## [RECORDS PROVIDED]
|---|

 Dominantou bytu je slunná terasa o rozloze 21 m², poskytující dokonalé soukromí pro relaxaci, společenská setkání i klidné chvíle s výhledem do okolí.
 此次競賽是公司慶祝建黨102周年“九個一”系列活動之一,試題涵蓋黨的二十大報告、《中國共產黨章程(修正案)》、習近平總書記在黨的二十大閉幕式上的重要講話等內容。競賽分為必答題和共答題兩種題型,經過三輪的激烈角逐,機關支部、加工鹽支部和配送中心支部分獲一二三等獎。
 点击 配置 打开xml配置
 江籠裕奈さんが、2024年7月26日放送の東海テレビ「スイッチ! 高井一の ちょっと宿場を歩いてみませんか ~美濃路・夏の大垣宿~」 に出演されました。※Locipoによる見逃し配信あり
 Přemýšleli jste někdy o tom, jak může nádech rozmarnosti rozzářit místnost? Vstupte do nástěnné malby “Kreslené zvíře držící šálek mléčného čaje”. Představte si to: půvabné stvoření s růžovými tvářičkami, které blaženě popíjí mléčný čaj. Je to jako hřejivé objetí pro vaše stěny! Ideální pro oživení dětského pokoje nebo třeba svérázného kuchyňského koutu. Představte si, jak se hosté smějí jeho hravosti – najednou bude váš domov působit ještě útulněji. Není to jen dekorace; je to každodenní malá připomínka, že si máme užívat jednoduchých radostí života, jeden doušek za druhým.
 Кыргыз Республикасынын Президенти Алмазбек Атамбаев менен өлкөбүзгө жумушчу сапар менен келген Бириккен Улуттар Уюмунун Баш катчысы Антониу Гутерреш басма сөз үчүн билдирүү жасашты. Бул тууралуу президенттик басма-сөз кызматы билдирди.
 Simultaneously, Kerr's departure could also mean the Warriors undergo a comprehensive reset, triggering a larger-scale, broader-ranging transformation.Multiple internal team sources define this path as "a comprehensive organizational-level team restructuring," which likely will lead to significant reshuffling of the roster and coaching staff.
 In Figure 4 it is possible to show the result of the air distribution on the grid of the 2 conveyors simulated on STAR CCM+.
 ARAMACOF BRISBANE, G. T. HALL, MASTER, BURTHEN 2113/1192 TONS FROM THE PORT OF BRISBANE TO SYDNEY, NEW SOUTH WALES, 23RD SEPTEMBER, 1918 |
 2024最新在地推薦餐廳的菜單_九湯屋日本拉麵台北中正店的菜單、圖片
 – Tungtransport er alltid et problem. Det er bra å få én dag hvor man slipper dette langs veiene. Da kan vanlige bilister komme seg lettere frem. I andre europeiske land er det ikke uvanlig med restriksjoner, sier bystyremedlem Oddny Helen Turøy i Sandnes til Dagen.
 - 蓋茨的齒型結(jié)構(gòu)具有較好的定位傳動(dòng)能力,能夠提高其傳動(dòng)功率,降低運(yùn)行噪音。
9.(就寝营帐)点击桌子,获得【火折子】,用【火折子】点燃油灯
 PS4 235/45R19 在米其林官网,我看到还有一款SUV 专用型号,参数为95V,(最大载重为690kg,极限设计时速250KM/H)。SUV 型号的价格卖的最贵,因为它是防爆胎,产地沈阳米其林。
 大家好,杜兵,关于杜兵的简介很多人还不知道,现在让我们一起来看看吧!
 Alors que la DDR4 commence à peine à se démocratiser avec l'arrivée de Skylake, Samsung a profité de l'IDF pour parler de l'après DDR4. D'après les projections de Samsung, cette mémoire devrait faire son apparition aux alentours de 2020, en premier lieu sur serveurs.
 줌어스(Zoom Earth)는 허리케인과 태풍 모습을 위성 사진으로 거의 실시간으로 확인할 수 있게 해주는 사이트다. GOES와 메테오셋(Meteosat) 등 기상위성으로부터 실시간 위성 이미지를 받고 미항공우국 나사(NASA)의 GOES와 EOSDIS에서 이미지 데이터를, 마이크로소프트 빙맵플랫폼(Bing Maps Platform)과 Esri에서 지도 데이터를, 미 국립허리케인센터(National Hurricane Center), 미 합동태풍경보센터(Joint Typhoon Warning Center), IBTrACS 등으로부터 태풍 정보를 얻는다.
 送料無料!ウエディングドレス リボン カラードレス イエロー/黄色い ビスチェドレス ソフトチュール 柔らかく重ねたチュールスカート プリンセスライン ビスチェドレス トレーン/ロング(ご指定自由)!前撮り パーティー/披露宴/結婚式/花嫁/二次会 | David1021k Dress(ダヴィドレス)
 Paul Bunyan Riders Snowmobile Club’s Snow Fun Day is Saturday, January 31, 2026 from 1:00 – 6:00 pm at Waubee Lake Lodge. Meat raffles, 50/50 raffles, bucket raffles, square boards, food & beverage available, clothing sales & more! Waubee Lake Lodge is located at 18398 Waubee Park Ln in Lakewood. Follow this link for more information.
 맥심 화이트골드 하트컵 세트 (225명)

|---|

## [WHAT TO DO]
The required answer is the run of lines above, starting at the line with "江籠裕奈さんが、2024年7月26日放送の東海テレビ「スイッチ! 高井一の ちょっと宿場を歩いてみませんか" and ending at the line with "Simultaneously, Kerr's departure", reproduced exactly with both ends.

## [ANSWER BOX]
 江籠裕奈さんが、2024年7月26日放送の東海テレビ「スイッチ! 高井一の ちょっと宿場を歩いてみませんか ~美濃路・夏の大垣宿~」 に出演されました。※Locipoによる見逃し配信あり
 Přemýšleli jste někdy o tom, jak může nádech rozmarnosti rozzářit místnost? Vstupte do nástěnné malby “Kreslené zvíře držící šálek mléčného čaje”. Představte si to: půvabné stvoření s růžovými tvářičkami, které blaženě popíjí mléčný čaj. Je to jako hřejivé objetí pro vaše stěny! Ideální pro oživení dětského pokoje nebo třeba svérázného kuchyňského koutu. Představte si, jak se hosté smějí jeho hravosti – najednou bude váš domov působit ještě útulněji. Není to jen dekorace; je to každodenní malá připomínka, že si máme užívat jednoduchých radostí života, jeden doušek za druhým.
 Кыргыз Республикасынын Президенти Алмазбек Атамбаев менен өлкөбүзгө жумушчу сапар менен келген Бириккен Улуттар Уюмунун Баш катчысы Антониу Гутерреш басма сөз үчүн билдирүү жасашты. Бул тууралуу президенттик басма-сөз кызматы билдирди.
 Simultaneously, Kerr's departure could also mean the Warriors undergo a comprehensive reset, triggering a larger-scale, broader-ranging transformation.Multiple internal team sources define this path as "a comprehensive organizational-level team restructuring," which likely will lead to significant reshuffling of the roster and coaching staff.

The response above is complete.